We have combined Fourier transform IR, polarized Raman spectroscopy, and vibrational CD measurements of the amide I' band profile of alanyl-X-alanine tripeptides in (2)H(2)O to obtain the dihedral angles of their central amino acid residue. X represents glycine, valine, methionine, histidine, serine, proline, lysine, leucine, tryptophan, tyrosine, and phenylalanine. The experimental data were analyzed by means of a recently developed algorithm, which exploits the excitonic coupling between the amide modes of the two peptide groups. The results were checked by measuring the respective electronic CD spectra. The investigated peptides can be sorted into three classes.

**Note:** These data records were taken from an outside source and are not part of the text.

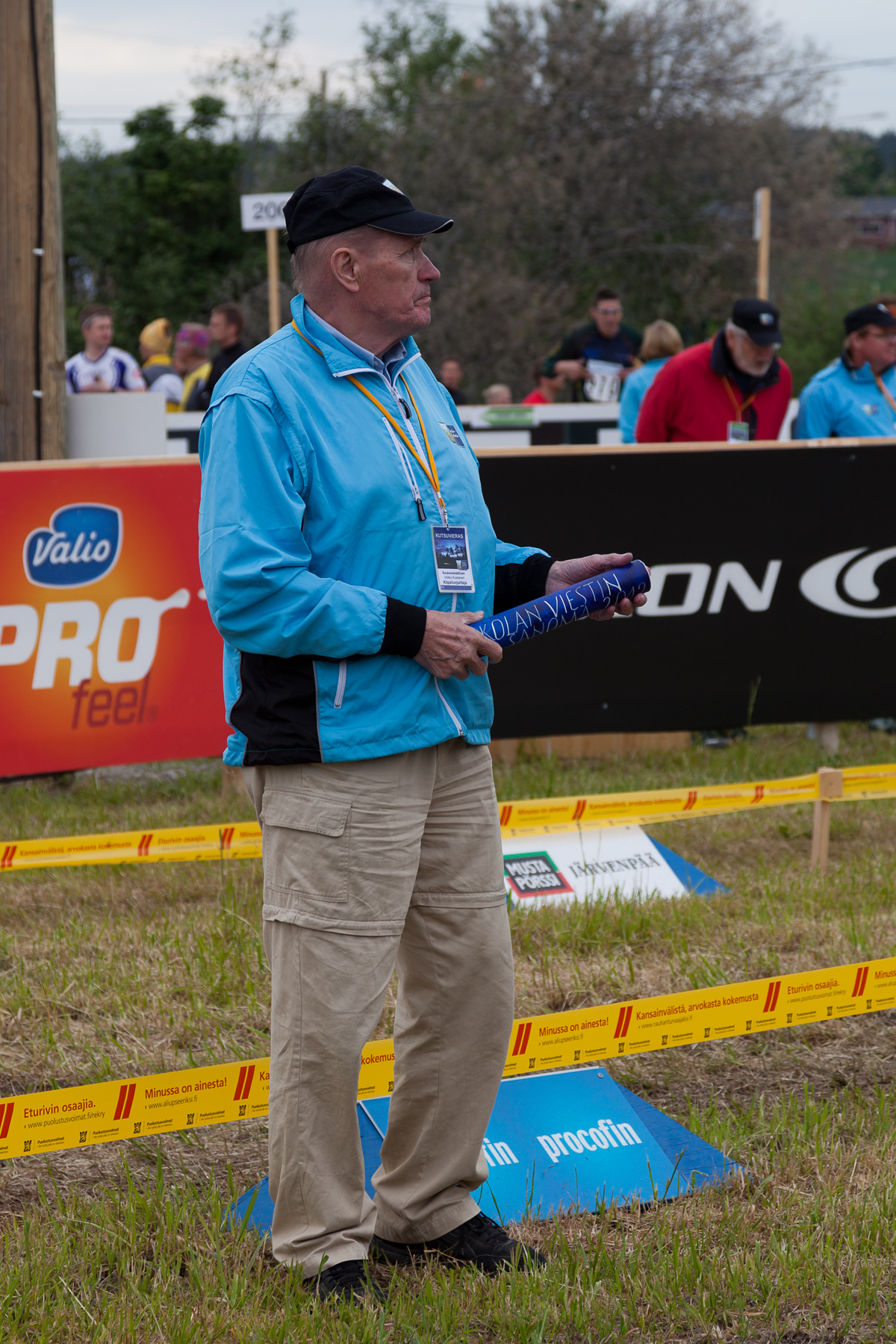 Competition Manager Veikko Kostiainen at Valio-Jukola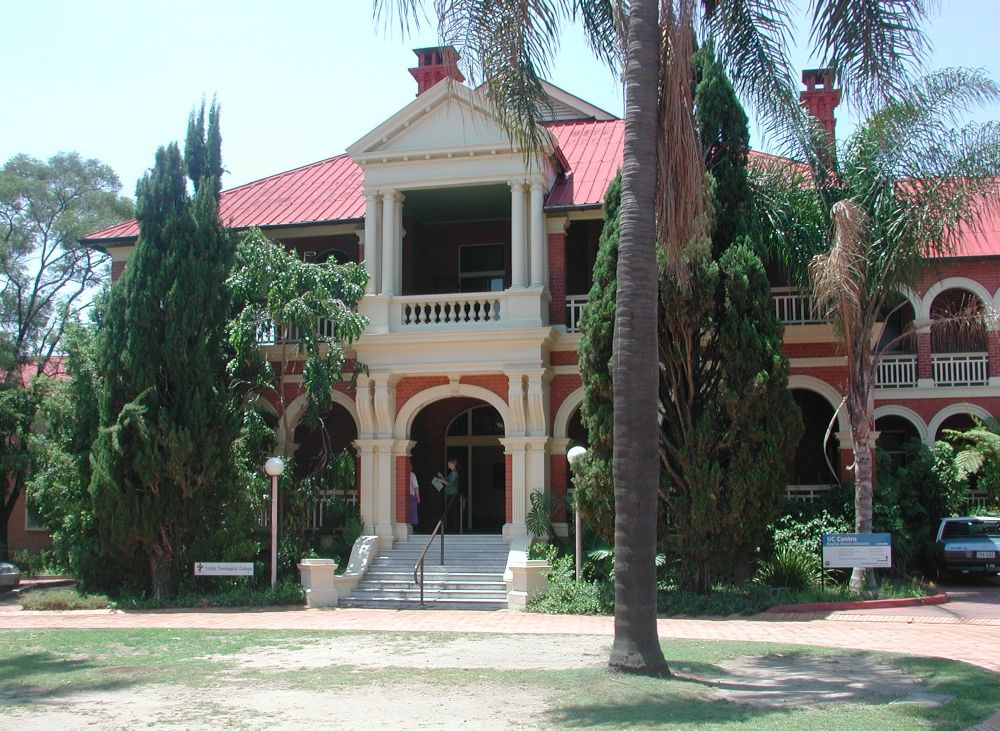 Raymont Lodge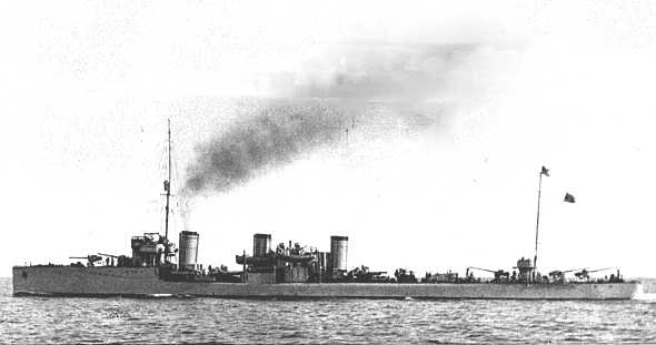 Estonian destroyer Lennuk.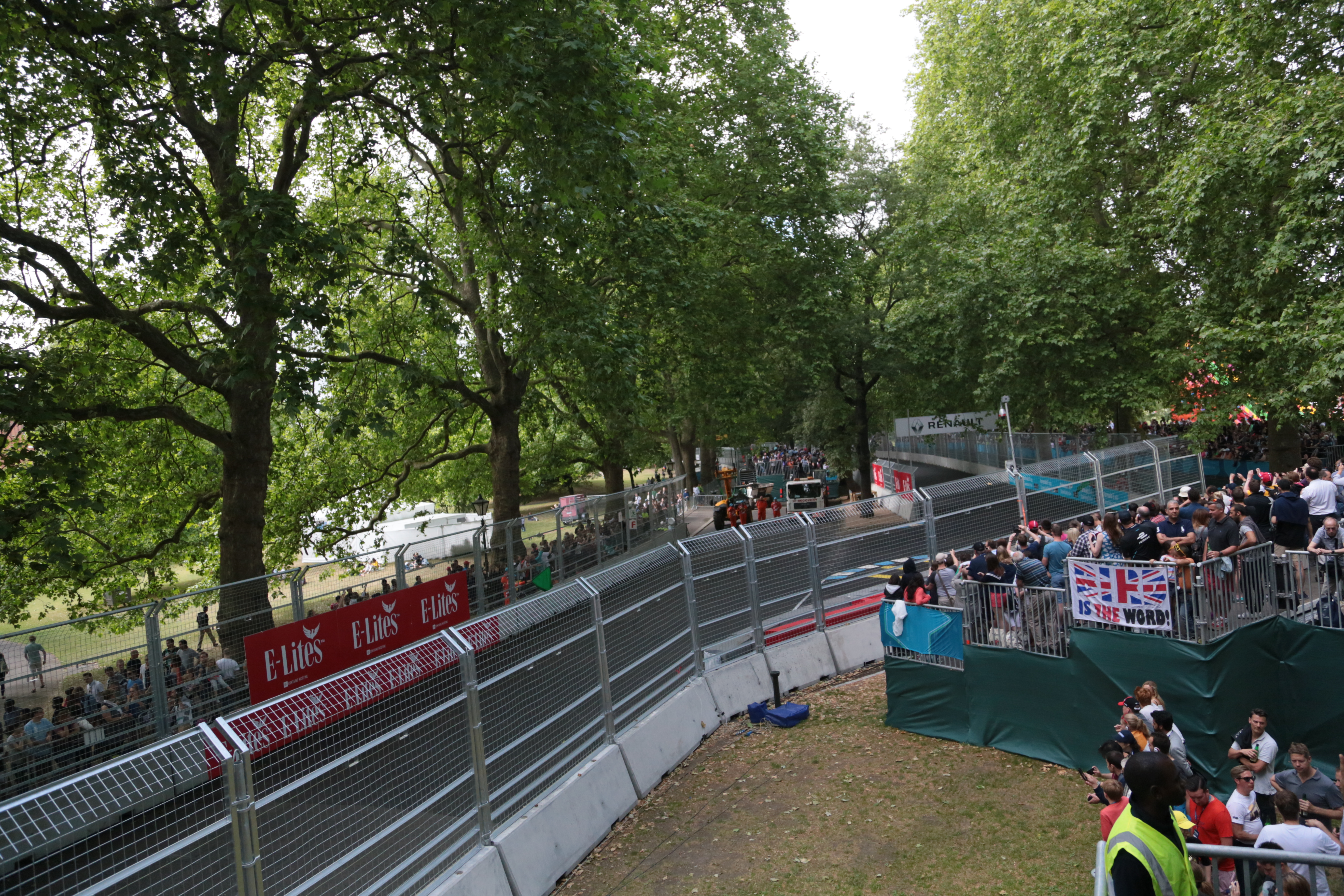 FIA Formula E Championship final London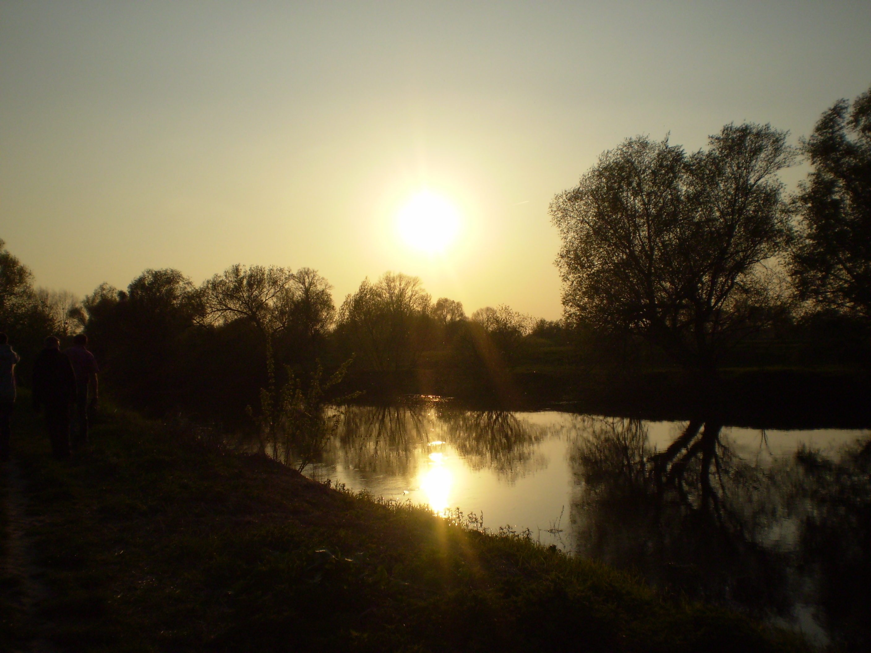 Złotoria, Poland, Toruń county, Drwęca.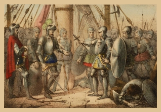 Surrender of King Alfonso V of Aragon to Giacomo Giustiniani after the Battle of Ponza; August 5, 1435.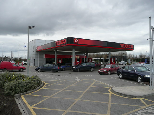 Filling station near Ballycoolen A busy place surrounded by offices and business parks. Located in the townland of Cloghran.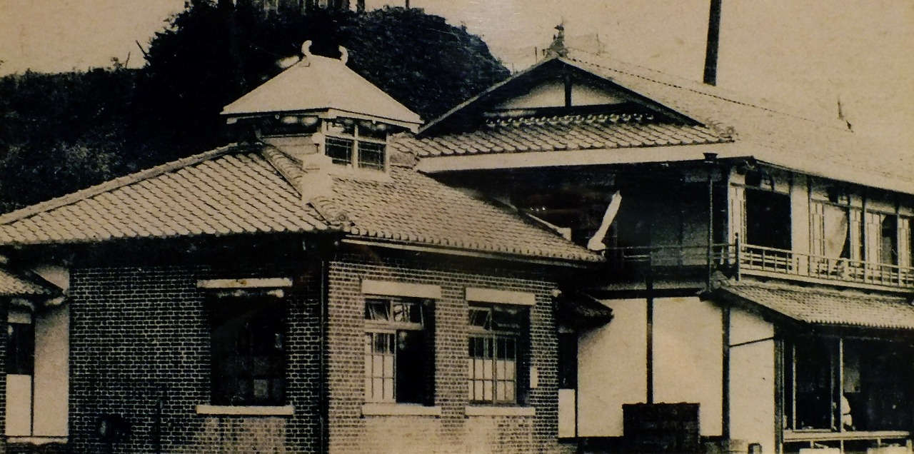 Yumotokan-Ogoto onsen 湯元舘 大正１３年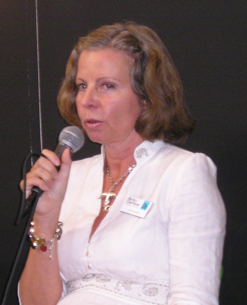 Swedish TV personality, Caroline Giertz, during the 2006 Gothenburg Bookfair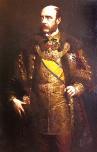 Paul IV, prince Esterházy de Galantha (1843-1898)

Valine, phenylalanine, tryptophan, histidine, and serine predominantly adopt an extended beta-strand conformation. Cationic lysine and proline prefer a polyproline II-like structure. Alanine, methionine, glycine, and leucine populate these two conformations with comparable probability. Our results are in variance with the prediction of the random-coil model, but supportive of Flory's isolated-pair hypothesis. We combined the obtained structural propensities of the investigated residues and similar information about other residues in the literature (i.e., glutamate, aspartate, isoleucine, and glutamine) to predict possible conformations of the monomeric amyloid beta peptide A beta(1-42) in aqueous solution, which reproduces results from most recent spectroscopic studies. Thus, it is demonstrated that the unfolded state of peptides can be understood in terms of the intrinsic structural propensities of their amino acid residues.